2026-15-22 ジョージア工科大学

The system converts pressure underfoot into vibration and heat felt elsewhere on the body, helping people with sensory loss regain awareness of their footing and improve balance.
<関連情報>
- https://research.gatech.edu/new-wearable-reroutes-lost-sensation-restores-stability
- https://www.pnas.org/doi/10.1073/pnas.2536577123
足底感覚代替のためのマルチモーダル触覚アレイのスケーラブルなネットワーク Scalable networks of multimodal haptic arrays for plantar sensory substitution
Matthew T. Flavin, Yu-Ting Huang, Dimitrios Simatos, +17 , and John A. Rogers
Proceedings of the National Academy of Sciences Published:June 15, 2026
DOI:https://doi.org/10.1073/pnas.2536577123
Significance
The sense of touch in our feet is essential for safe movement, and its impairment in conditions such as stroke and spinal cord injury contributes to diminished quality of life. Substituting missing foot sensation requires not only sensors for reading that information but also a nonintrusive means to display it in real time. This article demonstrates a system of wireless, skin-conformable haptic arrays. A hybrid motor unit addresses long-standing challenges in the integration of high-resolution, multimodal haptics, delivering precise patterns of heat and vibration and giving the user more information about their physical environment. Systematic human perception experiments and case studies with sensory-impaired individuals establish foundational principles, raising implications for sensory symptoms affecting a large portion of the global population.
Abstract
Feet provide essential sensory input, supporting body awareness for safe movement.

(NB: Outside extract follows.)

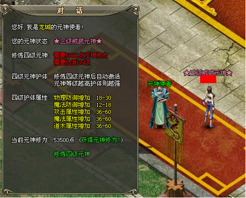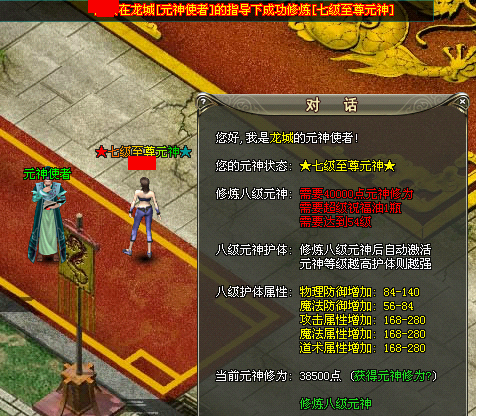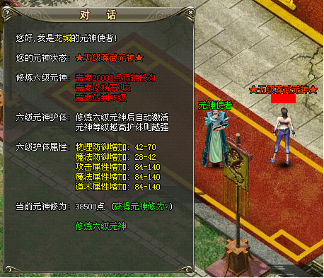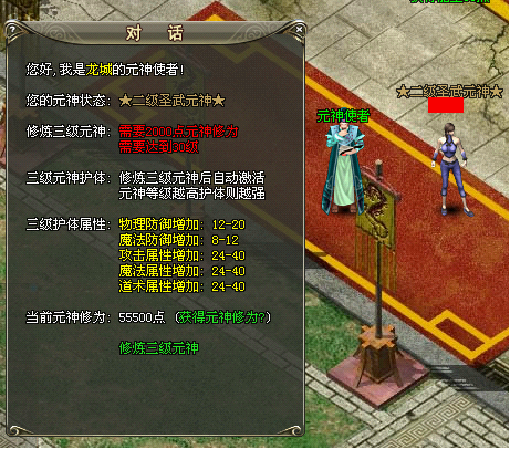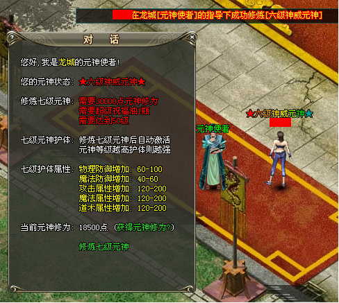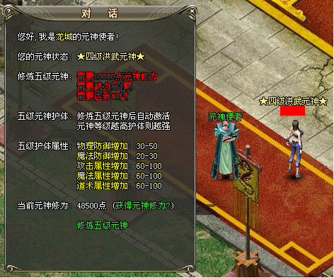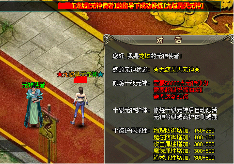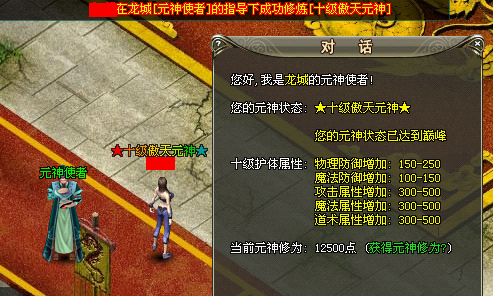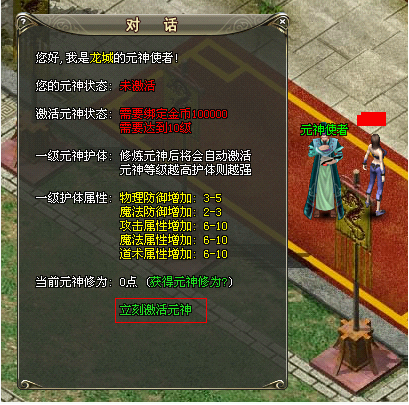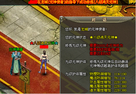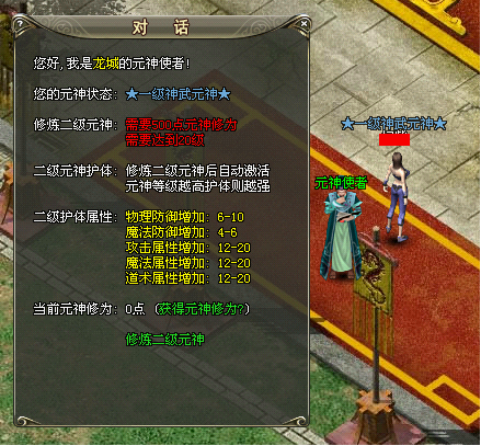 人物达到10级的时候就可以来到王城元神使者处升级自己的元神了。

The impairment of plantar sensation, arising in conditions such as stroke and spinal cord injury, has a major impact on mobility, balance, and quality of life. Substituting the sensation of plantar pressure to another area on the body with intact somatosensory abilities requires capabilities for fast, programmable delivery of haptic feedback. Here, we introduce a wireless network of skin-conformable, multimodal haptic arrays that deliver high-density thermal and vibrotactile patterns anywhere on the body. Central to this approach is a hybrid motor unit that independently controls thermal and mechanical stimulation, enabling 128 degrees of freedom across 64 addressable nodes. Electromechanical characterization establishes precise, simultaneous, and safe modulation of both modalities. Psychophysical experiments demonstrate reliable spatial discrimination of colocated heat and vibration. These haptic arrays form the receivers in a sensory substitution system that delivers patterns of vibrotactile stimulation to mirror the distribution of pressure recorded from an insole-based array of pressure sensors. Exploratory case studies in individuals with spinal cord injury and stroke demonstrate feasibility and suggest improved performance during standing balance and walking tests. Altogether, this work highlights the potential of information-rich cutaneous interfaces to substitute plantar sensation, expanding the scope of somatosensory engagement for rehabilitation, entertainment, and education.